The order issued on Thursday by the Amsterdam District Court is the first binding injunction by a European court on an AI image generator involving non-consensual sexualised content.

Dutch law already prohibits the creation and distribution of deepfake nude images without consent.

Grok launched its image generator in late December 2025, leading to the generation of millions of sexualised images, including those of children, many of which were publicly distributed on X, prompting legal actions in a number of countries.

xAI, the parent company of X and Grok, has claimed that it implemented stringent safeguards against the generation of such images in January, categorically rejecting that Grok is still capable of generating non-consensual sexualised imagery or child pornography.

But it simultaneously also told the court that it is impossible to completely stop users from misusing the system, the court noted.

Liability

It said that evidence submitted by Offlimits on 9 March showed that Grok was still able to generate a video of an existing person in a sexualised context, from a single uploaded photo, with no verification of consent.

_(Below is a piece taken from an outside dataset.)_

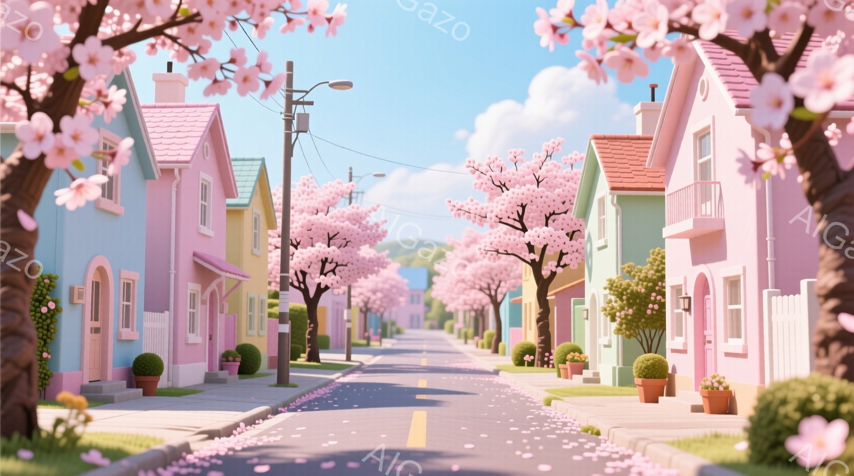 春の穏やかな住宅街の風景です。ピンク色の桜並木が道沿いに続き、カラフルで可愛らしい家々が整然と並んでいます。空は晴れ、ふわふわとした雲が浮かび、散りゆく桜の花びらが、暖かく優しい雰囲気を醸し出しています。

“The fact that generating this video was apparently still possible on the same day that the defendants wrote to Offlimits categorically rejecting any suggestion that such content can be generated raises reasonable doubt regarding the certainty with which the defendants stated that the measures taken are adequate,” the court order reads.

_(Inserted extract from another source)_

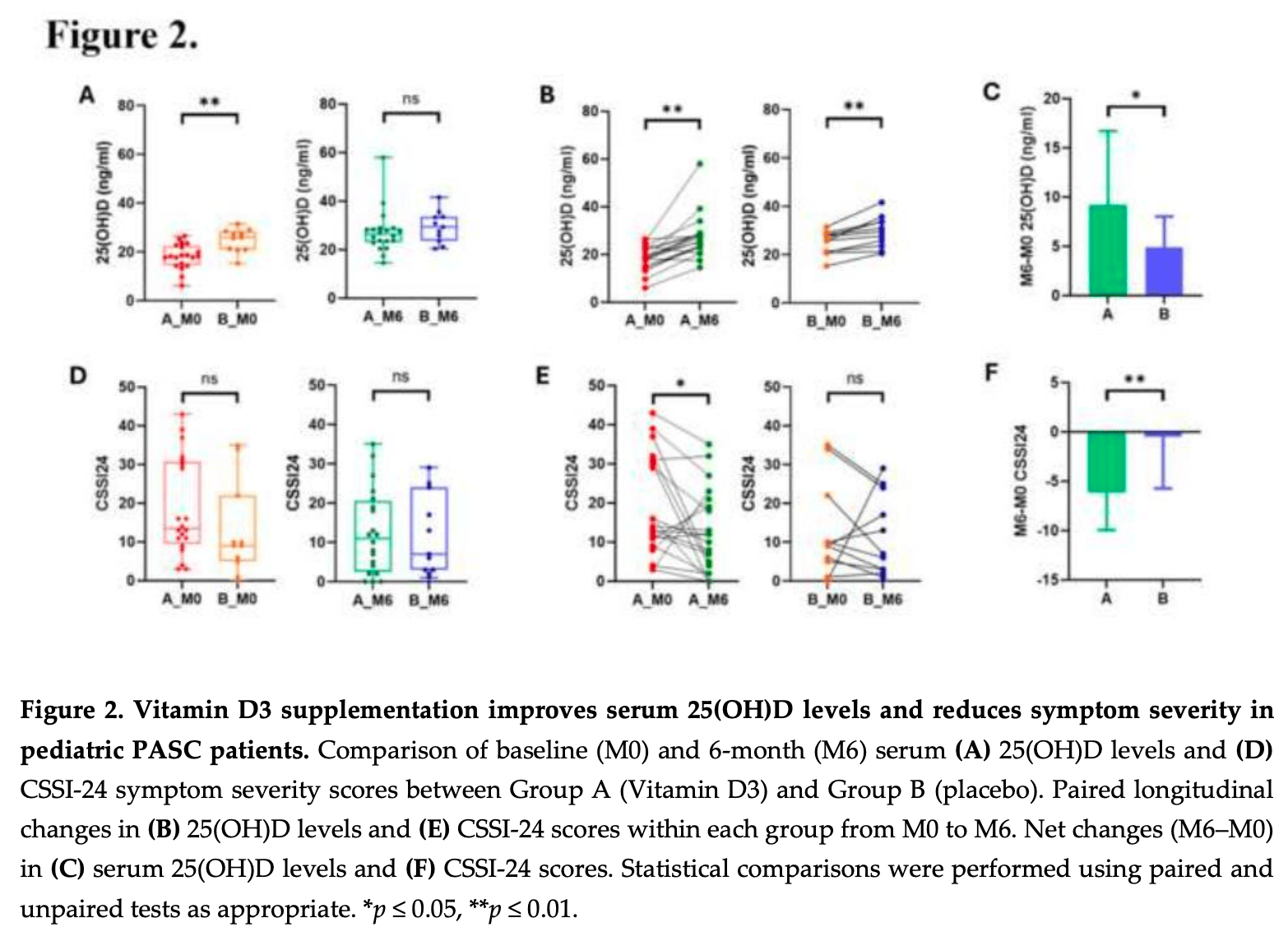 "abstract": "<jats:p>Background :Post-acute sequelae of COVID-19 (PASC) in children present persistent symptoms that impair quality of life. Vitamin D’s immunomodulatory and microbiome-modulating properties suggest its potential to alleviate PASC symptoms. This study evaluated the efficacy of Vitamin D3 supplementation in alleviating symptom severity and to explore associated immunological and microbiome alterations in children with PASC. Methods: In a double-blind randomized controlled clinical trial, 33 children with PASC were assigned to receive 2,000 IU/day of oral vitamin D (Group A, n=21) or placebo (Group B, n=12) for 6 months. Serum 25-hydroxyvitamin D [25(OH)D] levels, symptom severity (Children’s Somatic Symptom Inventory-24, CSSI-24), immune cytokines, and checkpoint proteins were assessed at baseline (M0) and 6 months (M6). Nasal and rectal microbiota were analyzed using 16S rRNA sequencing to evaluate composition and predict functional pathways. Results: Serum 25(OH)D increased significantly in Group A compared with Group B (p &lt; 0.01). Group A demonstrated significant reductions in CSSI-24 scores (p &lt; 0.05), with improvements in neuropsychiatric, respiratory and cardiovascular symptoms. Pro-inflammatory cytokines including IFN-γ (FDR = 0.01) and MIP-1α (FDR = 0.0004) decreased, while checkpoint proteins TIM-3 and HVEM increased (both FDR &lt; 0.05). Nasal microbiota in Group A at M6 showed increased richness and enrichment of Sphingomonas, Paenibacillus, Ralstonia, and Sphingobium, with functional pathways related to xenobiotic metabolism altered after supplementation. Coprobacillus abundance in rectal samples positively correlated with 25(OH)D levels and negatively with IFN-γ (p = 0.02). Pooling participants from both time points across group A indicated that higher 25(OH)D levels were associated with lower symptom scores. Conclusions: Vitamin D3 supplementation improved symptom severity, modulated immune responses, and altered microbiota profiles in children with PASC. These findings support Vitamin D3 as a potential adjunctive therapy for pediatric PASC and highlight host–microbe–immune interactions as therapeutic targets.</jats:p>",

xAI argues that users, not the company, are responsible for the misuse of Grok.

But the court said that xAI is the appropriate party to prevent the generation and distribution of unlawful images, as it is the internet intermediary with control over Grok’s functions – regardless of whether or not it is liable alongside users.

International investigations

Offlimits, which offers expertise on online sexual abuse, and Fonds Slachtofferhulp, a victim support organisation, are the plaintiffs.

The defendants have been given 10 working days from the service of the order to confirm in writing to Offlimits how they have complied, with lack of a response deemed non-compliance.

The EU, Ofcom, Ireland’s Data Protection Commission, and other jurisdictions have opened probes into Grok’s sexualised imagery, while a number of lawsuits have been filed in the US.